Die zwei Gesichter des Wuppertaler SV

Traditionsduell mit starkem Rückrunden-Team am 8. Mai im Stadion am Zoo.

RWE war im Hinspiel kaum zu stoppen: Joey Müller und die Wuppertaler kassierten an der Hafenstraße sechs Hütten. (Fotos: Endberg)

Rang 18 in der Hinrundentabelle, ein Spitzenplatz in der aktuellen Rückrundenbilanz: Der Wuppertaler SV zeigte im Verlauf dieser Regionalliga-Saison zwei verschiedene Gesichter. Im Stadion am Zoo steigt am Samstag, 8. Mai, 14 Uhr, das Traditionsduell zwischen dem WSV und RWE. Seit dem Jahr 1955 gab es dieses Aufeinandertreffen nicht weniger als 60-mal in verschiedenen Ligen und Wettbewerben.

An das 60. Duell, das Hinspiel dieser Saison im Rahmen des 17. Spieltages an der Hafenstraße, haben die Bergischen alles andere als gute Erinnerungen. Das 1:6 aus Sicht des WSV bedeutete die höchste Niederlage in dieser Saison. Es war eine von insgesamt elf Niederlagen in der Hinrunde (bei je vier Siegen und Unentschieden). Mit 16 Punkten schlossen die Wuppertaler ihre erste Saisonhälfte auf einem Abstiegsrang ab.

Auf das schwache Abschneiden reagierten die Wuppertaler mit zahlreichen Personalwechseln. Mit Björn Mehnert war bereits Anfang Dezember ein neuer Cheftrainer gekommen.
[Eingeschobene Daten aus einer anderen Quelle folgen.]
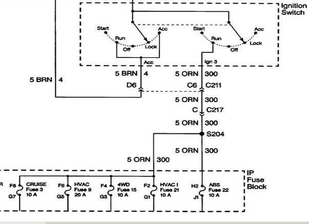 -this is from my 99 diagrams. should be close but I suspect IP fuse or or block connection, not ign sw.
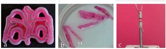 Sample preparation: (a) Detail of the crown’s cross section Shift reagent stained. Please note that this staining bonds the organic component highlighting the areas made up of dentin; (b) Dentine bars, size 2 × 2 × 8mm. (c) Sample mounted on the traction machine.
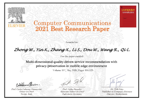 2018级硕士研究生仲伟艺为第一作者(通讯作者:齐连永)的论文《Multi-dimensional Quality-driven Service Recommendation with Privacy-preservation in Mobile Edge Environment》从该期刊去年发表的600余篇论文中脱颖而出,荣获2021年度唯一一篇“最佳研究论文奖”(2021 Best Research Paper Award)。 《Computer Communications》是中国计算机协会推荐的C类期刊,在计算机通讯领域享有广泛的声誉。论文自发表以来,受到国内外学者的广泛关注,2021年3月起持续入选ESI高被引论文及ESI热点论文。本次获奖标志着我校五楼自拍

Der 44-Jährige hatte Alexander Voigt beerbt. Die Winterpause nutzte Wuppertal dann gleich zu einem größeren Kaderumbruch. Der Sportliche Leiter Stephan Küsters und Mehnert gaben der Mannschaft ein anderes Gesicht - mit Erfolg, wie vor allem sieben Siege in den ersten acht Heimspielen des neuen Jahres eindrucksvoll belegen.

Nahezu sämtliche Wintereinkäufe stellten sich als Gewinn heraus. Sebastian Patzler (zuvor FC Viktoria Köln) etablierte sich als Stammtorhüter. Der mittlerweile verletzte Innenverteidiger Christopher Schorch (1. FC Saarbrücken), die Außenverteidiger Lars Bender (Fortuna Köln) und Moritz Römling (VfL Bochum) sowie der uruguayische Stürmer Mateo Aramburu (TOP Oss/2. Liga Niederlande) gaben der Wuppertaler Mannschaft Stabilität. Auch Burak Gencal (Bonner SC), Rückkehrer Kevin Hagemann (Fortuna Düsseldorf U23) haben ebenfalls schon ihren Beitrag zum guten Abschneiden in der Rückrunde geleistet. Lars Holtkamp (ebenfalls VfL Bochum/Innenband) war dagegen lange verletzt, kam erst vor wenigen Tagen zu seinem ersten Einsatz. Pech hatte kürzlich auch Christopher Schorch, der in dieser Saison wegen einer Knie-Operation keine weiteren Einsätze absolvieren wird.

Auch ohne den bundesliga-erfahrenen Schorch kann der WSV den letzten Saisonabschnitt ohne großen Druck in Angriff nehmen. Bei dem aktuellen Vorsprung nach unten dürfte es lediglich darum gehen, noch den einen oder anderen Tabellenplatz gutzumachen. Außerdem gilt es, bereits die neue Spielzeit vorzubereiten, in der der WSV sicher gleich von Beginn an eine gute Rolle spielen möchte.

In den Duellen zwischen dem WSV und RWE spielte Rot-Weiss überwiegend die bessere Rolle. Von den 60 Begegnungen seit 1995 entschied Essen 25 für sich. In 15 Spielen behielten die Wuppertaler die Oberhand, 18 Partien endeten Remis.